Why Grayscale’s SEC Victory Is Unlikely to Benefit Bitcoin and Crypto Markets in the Long Run

Key Points

* Grayscale’s SEC victory led to a surge in Bitcoin prices but may not offer long-term benefits.

* Market reactions to Grayscale’s moves have been inconsistent.

* Grayscale’s trusts inherently limit crypto circulation.

* Most Grayscale trusts unlikely to convert into ETFs.

* Declining trading volumes signal caution.

* Broader market implications for companies like BlackRock and Fidelity.

The U.S. Court of Appeals for the District of Columbia Circuit ruled in favor of Grayscale Investments on August 29, 2023, ordering the SEC to review Grayscale’s Bitcoin ETF application. While this led to an immediate surge in Bitcoin prices, several factors suggest caution for long-term market implications.

Broader Market Implications

The court’s decision is poised to send ripples through the financial industry. Firms such as BlackRock, WisdomTree, and Fidelity, which have expressed interest in launching Bitcoin ETFs, could find the legal terrain shifting either for or against them, contingent on the SEC’s future actions and any ensuing appeals. In the wake of legal victories for Ripple XRP and Grayscale, this trend could serve as a catalyst for other companies, like Coinbase, that are currently embroiled in legal battles with the SEC. 

Market Reaction: A Historical Perspective

Grayscale initially submitted an application to transform its Grayscale Bitcoin Trust (GBTC) into an ETF in October 2021. The market’s initial response was negative, yet Bitcoin soared to a record high of $69,000 on November 10, 2021, before experiencing a 70% decline thereafter. This inconsistent market reaction suggests that the recent surge in Bitcoin and cryptocurrency prices may not be reliable indicators of sustained long-term market trends. The surge in Bitcoin prices may be a trading strategy aimed at liquidating short positions.

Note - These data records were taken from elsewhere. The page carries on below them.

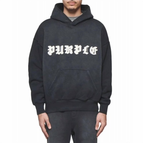 Cozy fabric, impeccable design - Meet the sweatshirt that you'll never want to take off.Elevate your streetwear collection with the Purple Brand Gothic Applique Hoodie, featuring long sleeves and crafted from 100% cotton. Designed for an oversized fit, this black hoodie measures 28.25 inches in length and showcases Gothic logo lettering across the chest. It boasts a faded wash, a large kangaroo pocket, ribbed cuffs and hem, and a pull-on closure. Perfect for urban adventures, this piece exemplifies travel-friendly style.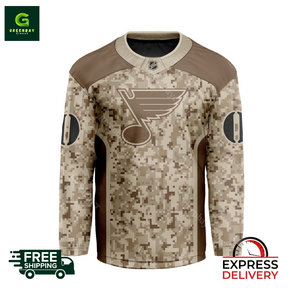 NHL St. Louis Blues Desert Camouflage Personalized Hockey Jersey product shipping: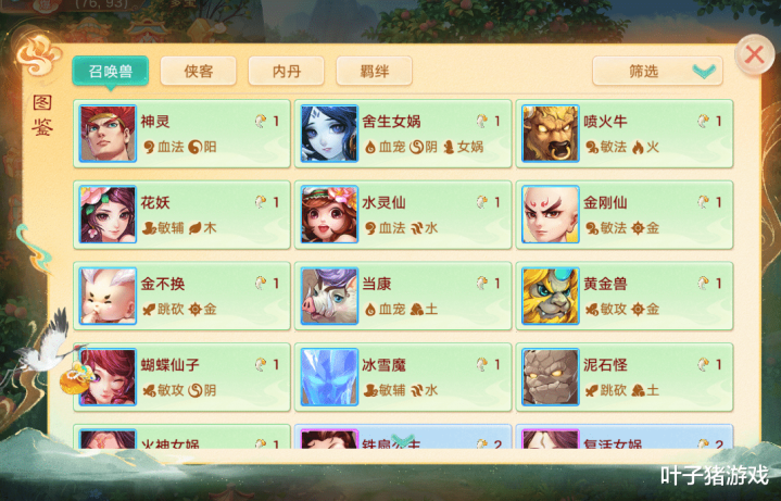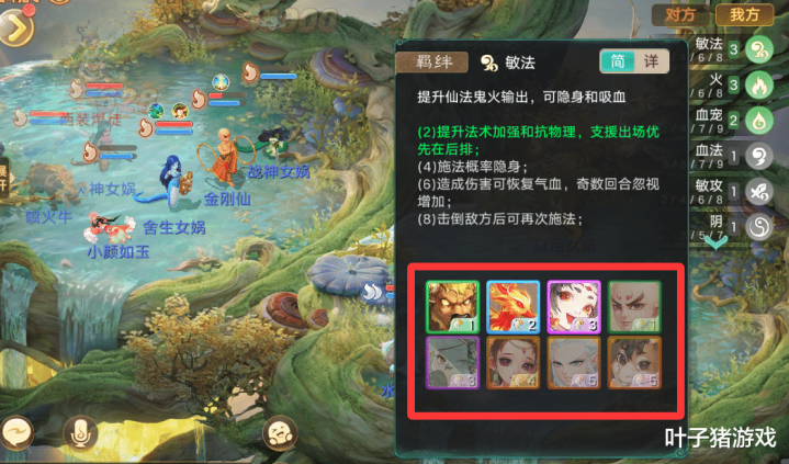 后期可以凑成这套火系敏法流,需要的召唤兽比较少。凑成“6敏法+3火”羁绊,最终成型阵容是:小颜如玉+凤凰+喷火牛+雨师+金刚仙,支援宝宝用颜如玉即可。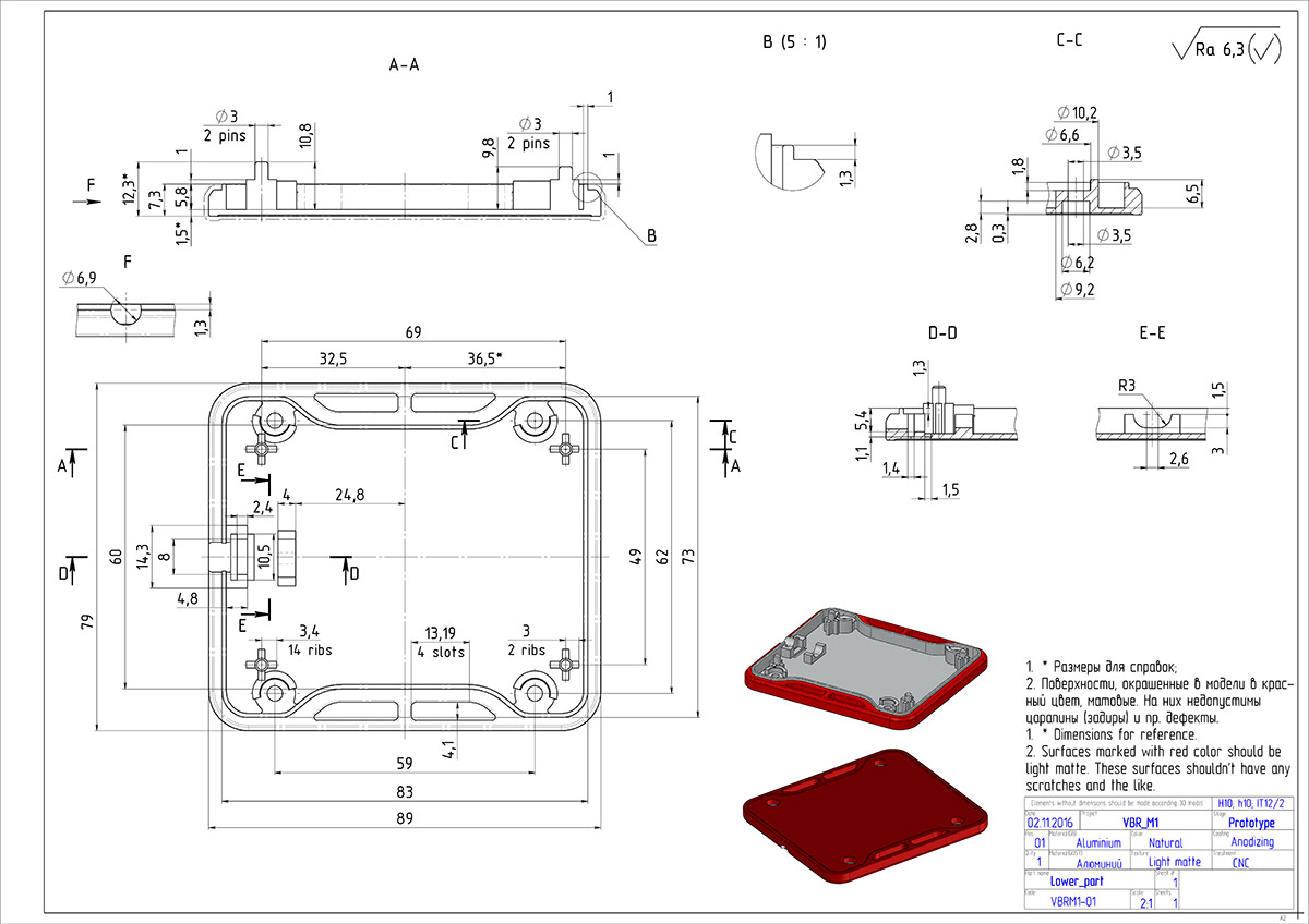 Допустимые технологии производства — литьё / фрезеровка алюминия и/или литьё пластиков под давлением.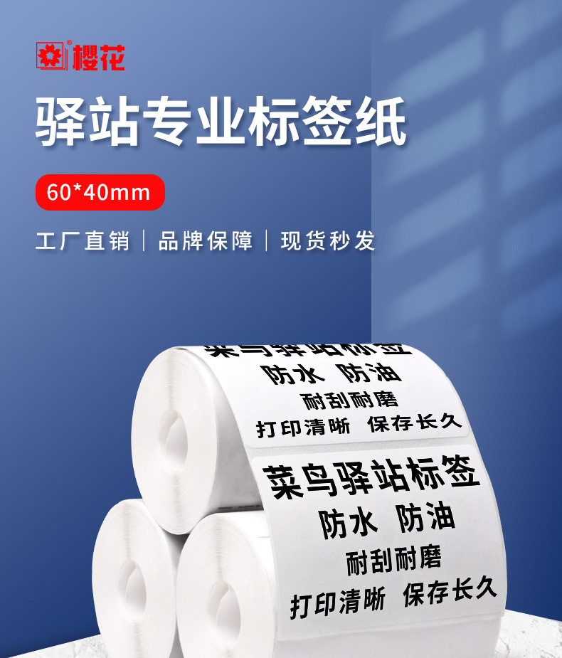 Flor de cerezo etiqueta de la estación expresa 60*40 etiqueta adhesiva térmica de tres pruebas etiqueta de papel de impresión etiqueta de papel

Grayscale’s Trusts and Crypto Circulation

Grayscale’s GBTC, launched in 2013, is the world’s largest Bitcoin fund traded over-the-counter with over $14 billion in assets under management. Grayscale’s trusts inherently limit the circulation of cryptocurrencies. These trusts are not redeemable, effectively locking up assets. Grayscale offers multiple trusts related to a variety of cryptocurrencies, including: Aave (AAVE), Algorand (ALGO), Avalanche (AVAX), Basic Attention Token (BAT), Bitcoin (BTC), Bitcoin Cash (BCH), Cardano (ADA), Chainlink (LINK), Compound (COMP), Cosmos (ATOM), Curve (CRV), Decentraland (MANA), Ethereum (ETH), Ethereum Classic (ETC), Filecoin (FIL), Horizen (ZEN), Litecoin (LTC), Livepeer (LPT), MakerDao (MKR), Polkadot (DOT), Polygon (MATIC), Solana (SOL), Stellar Lumens (XLM), Uniswap (UNI), Zcash (ZEC).

Limited Scope for ETF Conversion

While the court ruling mandates a review of Grayscale’s Bitcoin ETF application by the SEC, it does not guarantee its eventual listing. Most other cryptocurrencies under Grayscale’s management are unlikely to convert into ETFs. If the SEC allows these trusts to be redeemable, it could be detrimental due to increased circulation, especially when these assets are priced lower than market rates.

Regulatory Uncertainties

Judge Neomi Rao emphasized that the SEC’s initial denial was “arbitrary and capricious,” particularly when Bitcoin and Bitcoin futures are “closely correlated.” Both parties have 45 days to appeal, and the SEC has not yet indicated whether it will appeal the ruling. If Grayscale prevails and the SEC does not appeal, the court would specify how its decision should be executed, potentially instructing the SEC to approve the application or revisit it on other grounds.

Declining Market Volumes

The overall cryptocurrency market is exhibiting signs of fatigue, marked by a significant decline in trading volumes. Notably, the Bitcoin market is currently seeing its lowest monthly trading volumes since the historical price peak in November 2021. For instance, Binance’s Bitcoin spot trading volume plummeted from $195 billion in September 2022 to a mere $28 billion last month. This sharp decline serves as a cautionary signal for investors who may be anticipating a long-term market uplift from Grayscale’s legal victory, especially considering its potential to increase the Bitcoin supply.

Conclusion

While the immediate market reaction to Grayscale’s SEC win has been positive for Bitcoin, several factors suggest caution. From the inconsistent historical market reactions to the inherent limitations of Grayscale’s trusts and declining market volumes, the long-term benefits of this legal victory for the crypto market remain uncertain.